The promise of the internet is universal access. Everyone can be a content creator. Everyone can participate. Everyone can contribute. Sounds like a utopian ideal, right?
I am deeply suspicious of utopia. I agree with Josiah McElheney:
In 1929, it was possible to propose literal utopia: “This is how we should live; we should create a society that’s structured on these utopian principles, and we will have a better world.” I think it’s really clear that, as soon as you actually try to create utopia or impose utopia, it creates horrible violence. I have this notion of talking about utopia as a model, something that’s never intended to go beyond the model stage.
We have the Internet-we are way past the model stage. So now what we get is the violence.
I proposed a memorial for those people whose enslavement and trafficking financed the building of Faneuil Hall in Boston.

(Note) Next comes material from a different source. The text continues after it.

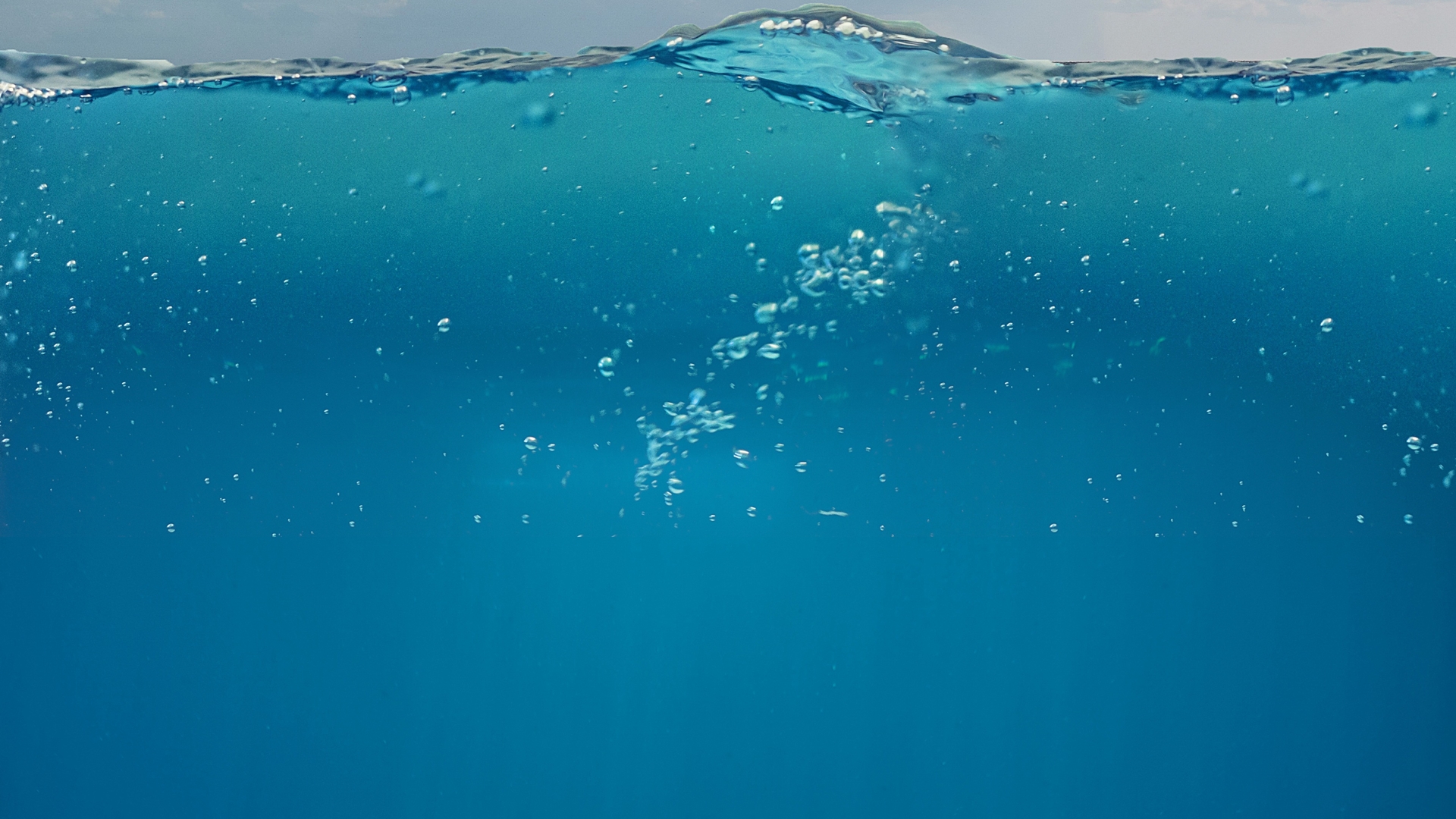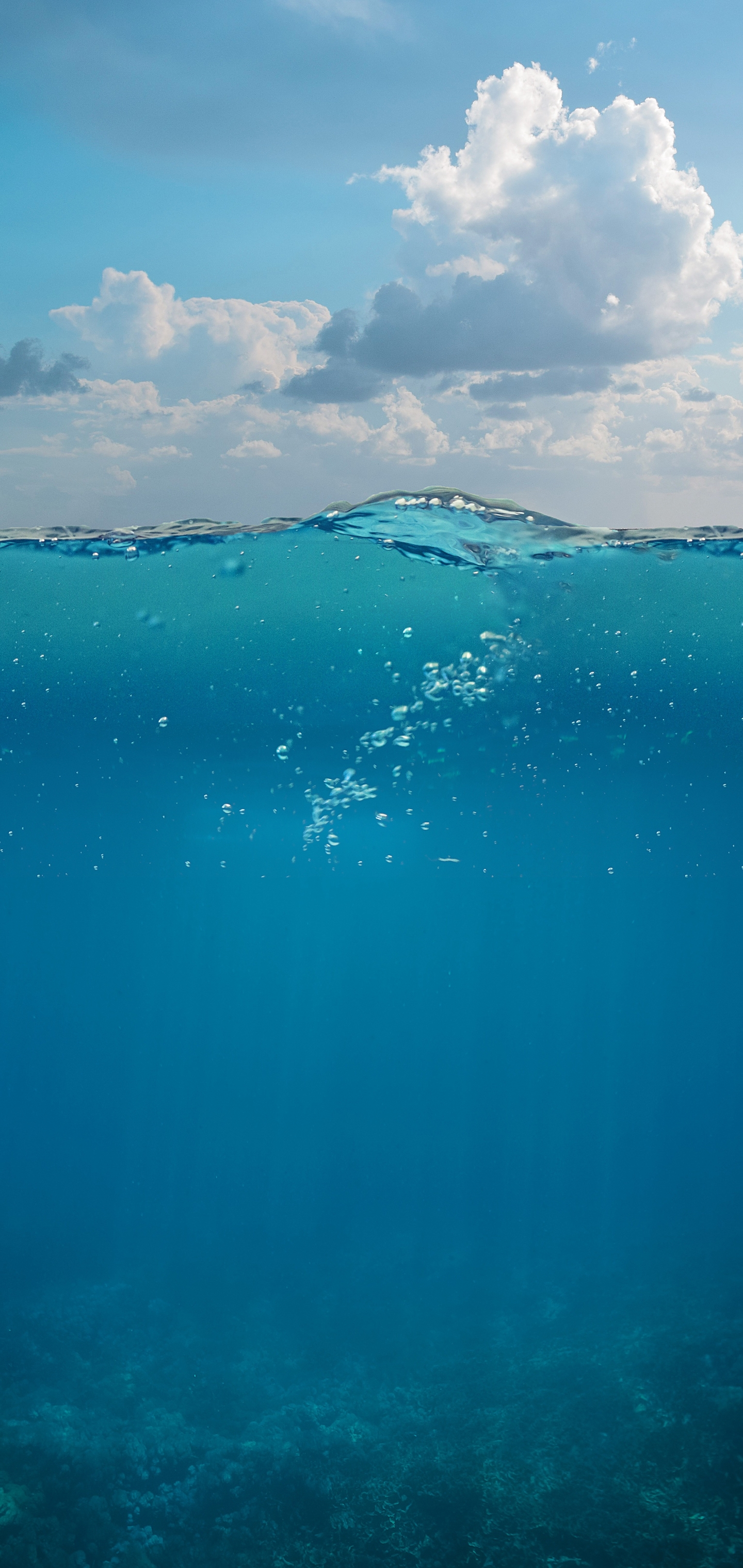 바다의 파란 물속을 단면에서 담은 사진입니다.

This history has been detailed by many scholars and, frankly, is an open secret in Boston. It has long been known that humans were traded in storefronts on Merchants Row and that they were sold on Long Wharf and other areas of the city from the beginning of the colonial period. This history-this known history-is not marked anywhere in the city. Actually, that is not exactly true-there is a plaque on the building that contains the phrase, still used by a free people. That is a hint that there were people who, for whatever reason, were unfree.
So I proposed a memorial. People have been very interested in the idea and as a result, there have been a lot of stories in the press about it and about me. That's good. One of the reasons I proposed this object was to begin this engaged conversation about how we remember our history through the built form and, more importantly, what gets remembered and what are willing to do to enshrine memory. I wasn't interested in the "debate" about changing the name of the building (I'm still not interested in that.) What I wanted to do was see if it was possible to tell the whole truth about Faneuil Hall, about the colonial relationship to black peoples, and the human and economic sacrifice that is at the heart of the building.
I had a great conversation with Renée Graham of the Boston Globe and she wrote an editorial about the work. After it was up for a while I noticed that there were comments. Reading them was eye opening.
Almost all the comments were anonymous. Where there were names, they were simply labels-the links went to pages that indicated there was no additional information about the commenter.
Now, Renée's byline is on the article, as is my name. My place of work is referenced. It is very clear who we are, where we are, and what we think. All of that is laid out in the article. So people have direct access to us through email, Twitter, and other platforms.
I talked to Renée about this since may of the comments were deeply personal attacks against her as a person. She told me she never reads the comments and cautioned me not to do so. Then she told me that she gets a lot of these kinds of things in her email. I was stunned. Just imagine opening your email at work and getting anonymous messages from people calling you names or repeating vile, racist canards about black laziness and negligent black fathers.
I don't understand why these people are allowed to be anonymous. I'm out there. Renée is out there. You know our names, faces, where we work, and what we think. Why don't these people have to stones to put their names and faces on their comments? Why don't they just say where they work? Everyone knows I'm a Professor at MassArt, it's in every article. People do web searches and send me email based on this information. Why can't I do the same when they make a comment on an article about me? I thought this was supposed to be an equal platform for communication?
I think people say these things because they mean them. If they say them out loud and people hear them, what would probably happen is that they would be forced to answer for these kinds of vile statements. That is different than an online debate. Face to face, I would see your face. I would remember it. I would be able to identify you as a person who has a bigoted nature. Online there is none of that. You can hide behind an avatar or an ironic name. It gives a bigot freedom. It allows snakiness as a currency in a discussion about memorializing people who were traded, trafficked, enslaved, and worked. To death.
Today there was an editorial about the piece from the Editorial Board of the Globe. Within hours, there were commenters. Anonymous. Vile.
Some people say that these are 'bots or Russian trolls looking to gin up controversy and anger. It works. I read the comments and I had to take a shower.
This is not dialog. This is not a conversation and it's not advancing ideas or helping a public discourse. Why do we allow this?
There have been a rash of white people getting busted on cell phone video calling the police on black people for living their lives, calling black people "niggers,' and generally getting caught behaving in the ways that black people have always known the they have behaved. The difference is that they are caught. They do not have the internet to keep them anonymous, in fact the internet is doing just the opposite. They have been met with immediate and equal consequences to their behavior. They have lost jobs, lost clients, been shunned, and the list goes on. I don't have a lot of sympathy for them. In fact, I don't have any sympathy for them at all.
I want that for all of these anonymous commenters. I'd love to know their names, workplaces, and contact information of these people. I would love to send these comments to their family, friends, churches, and communities. I want them to be known the way that I'm known. That would be utopia.